68.1.0.12 P(spam) for an email with 2000 characters

\[\log\left(\frac{p}{1-p}\right) = -1.80-0.0621\times 2\]

\[\frac{p}{1-p} = \exp(-1.9242) = 0.15 \rightarrow p = 0.15 \times (1 - p)\]

\[p = 0.15 - 0.15p \rightarrow 1.15p = 0.15\]

\[p = 0.15 / 1.15 = 0.13\]

Question: What is the probability that an email with 15000 characters is spam? What about an email with 40000 characters?

  • 2K chars: P(spam) = 0.13
  • 15K chars, P(spam) = 0.06
  • 40K chars, P(spam) = 0.01

Question: Would you prefer an email with 2000 characters to be labeled as spam or not? How about 40,000 characters?
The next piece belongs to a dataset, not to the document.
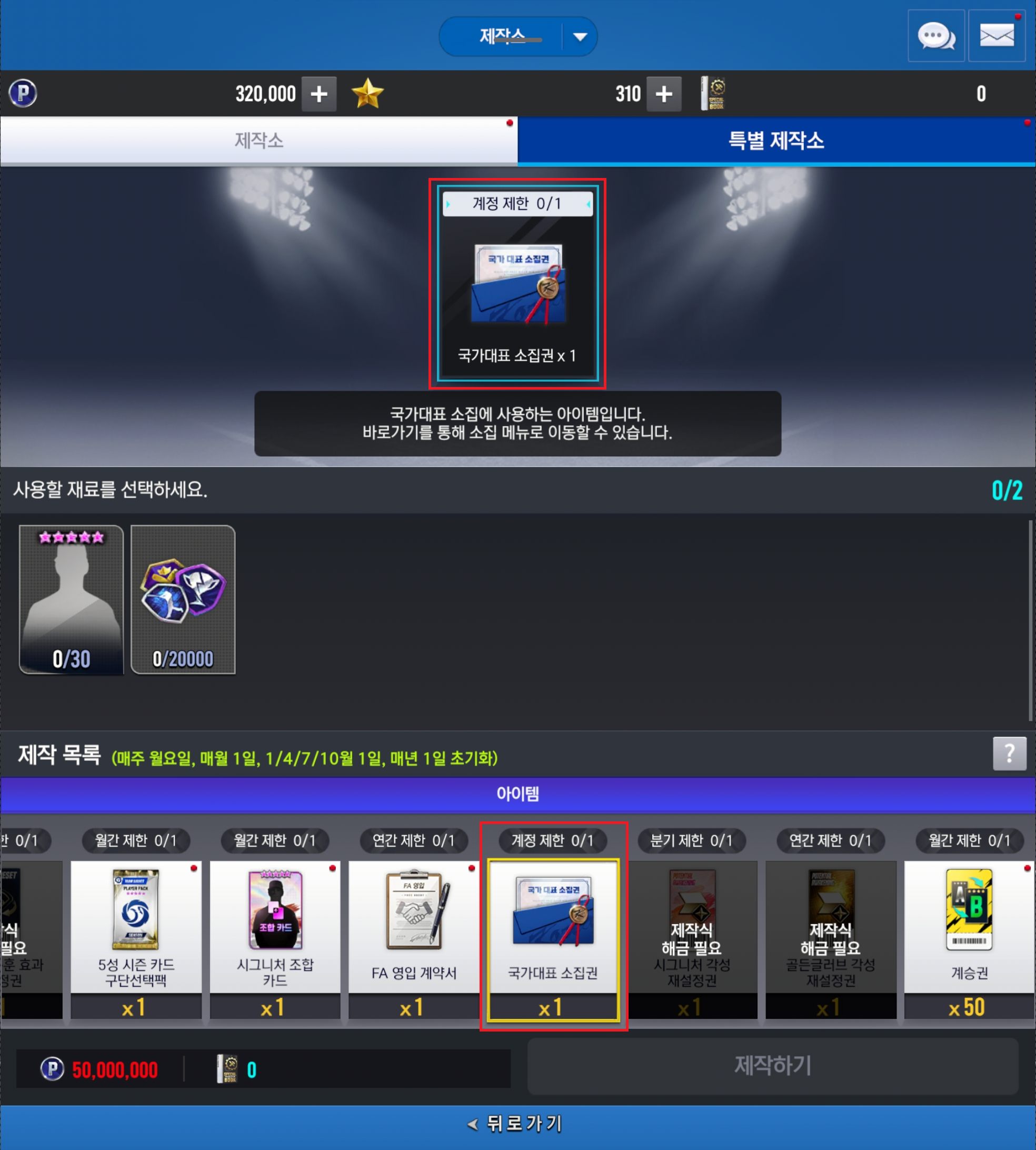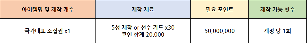 - [국가대표 소집권]은 구단 레벨 40이상에 진입할 수 있는 특별 제작소에서 계정 당 1회 제작이 가능합니다.

68.2 Sensitivity and specificity

68.2.0.1 False positive and negative

Email is spam Email is not spam
Email labeled spam True positive False positive (Type 1 error)
Email labeled not spam False negative (Type 2 error) True negative
  • False negative rate = P(Labeled not spam | Email spam) = FN / (TP + FN)

  • False positive rate = P(Labeled spam | Email not spam) = FP / (FP + TN)
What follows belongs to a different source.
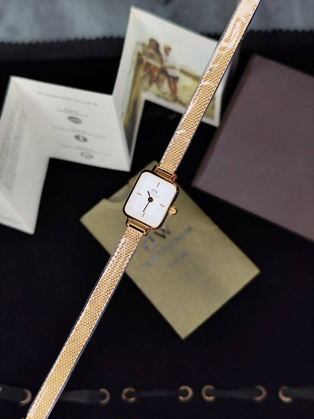 ساعت دنیل ولینگتون بند حصیری مربع رزگلد صفحه سفید ۱۵ میل

68.2.0.2 Sensitivity and specificity

Email is spam Email is not spam
Email labeled spam True positive False positive (Type 1 error)
Email labeled not spam False negative (Type 2 error) True negative
  • Sensitivity = P(Labeled spam | Email spam) = TP / (TP + FN)
    • Sensitivity = 1 − False negative rate
  • Specificity = P(Labeled not spam | Email not spam) = TN / (FP + TN)
    • Specificity = 1 − False positive rate

Question: If you were designing a spam filter, would you want sensitivity and specificity to be high or low? What are the trade-offs associated with each decision?